Your existing lock
basically does nothing. No other thread has a reference to it, so it can't possibly cause anyone to block anywhere. The only thing it can possibly do is waste a few microseconds. So this:
lock = threading.Lock()
with lock:
thread1.start()
thread2.start()
... is pretty much equivalent to:
time.sleep(0.001)
thread1.start()
thread2.start()
And I'm pretty sure that's not what you want.
If you want to force the threads to run sequentially, the easiest way to do that is to just not use threads.

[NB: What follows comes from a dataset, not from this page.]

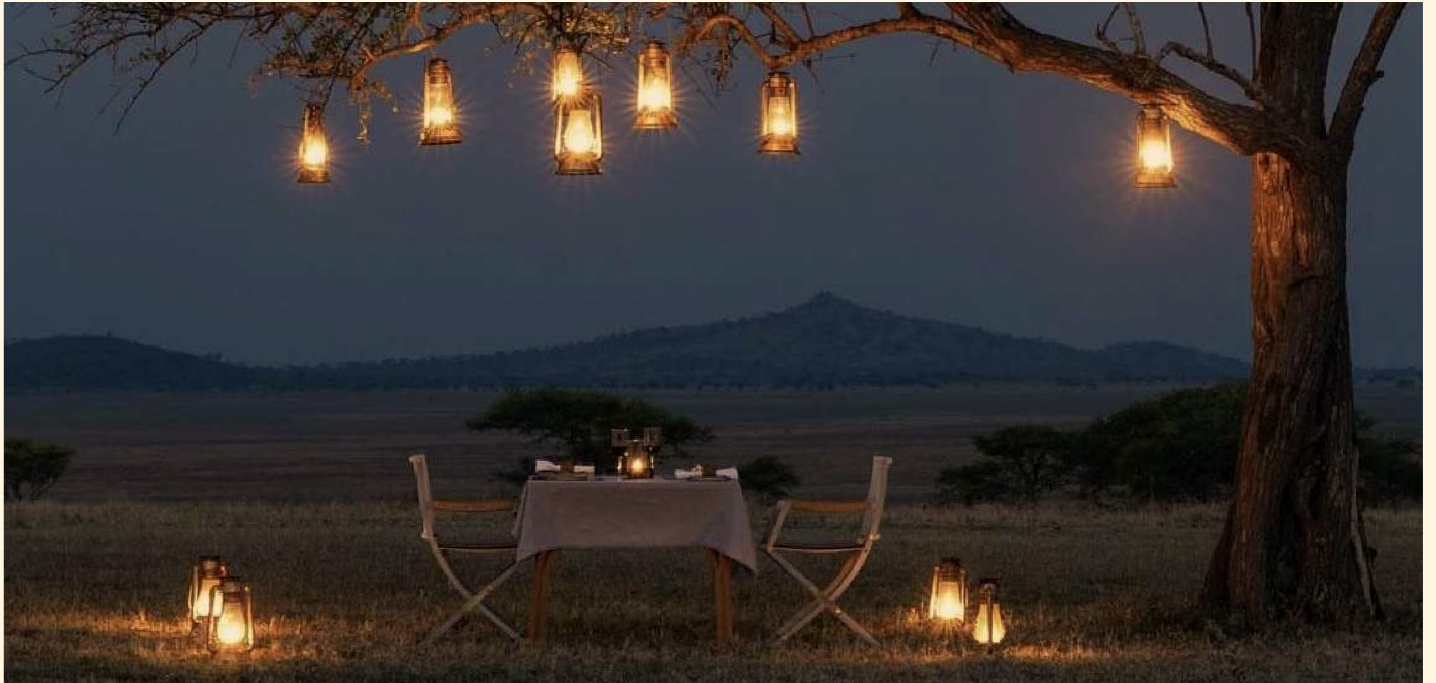
Dinner in the wild

Or, if you must use threads, just wait for one to finish before starting the next:
thread1 = Mythread(1,"Thread1",5,1)
thread2 = Mythread(2,"Thread2",5,2)
thread1.start()
thread1.join()
thread2.start()
thread2.join()
If you want to make the threads serialize themselves, without any help from outside, you have to give them a lock that they can share. For example:
class Mythread(threading.Thread):
def __init__(self,threadID,name,counter,delay,lock):
threading.Thread.__init__(self)
self.lock = lock
# ...
def run(self):
with self.lock:
# ...
Now, to call them:
lock = threading.Lock()
thread1 = Mythread(1,"Thread1",5,1, lock)
thread2 = Mythread(2,"Thread2",5,2, lock)
thread1.start()
thread2.start()
# ...
thread1.join()
thread2.join()
Now, when each thread starts up, it will try to grab the lock. One will succeed, the other will block until the first one finishes with the lock (by exiting its with
statement).
If you don't want to serialize the threads, you just want the main thread to wait on all the other threads' completion… all you need for that is join
. That's exactly what join
is for. There's no need to add anything else.
If you really want to, you can daemonize the threads and wait on a sync object instead. I can't think of an easy way to do this with a lock, but it should be pretty easy with a BoundedSemaphore
, or a Condition
(although you'll have to wait on the condition twice). But this is a very silly thing to do, so I'm not sure why you'd want to.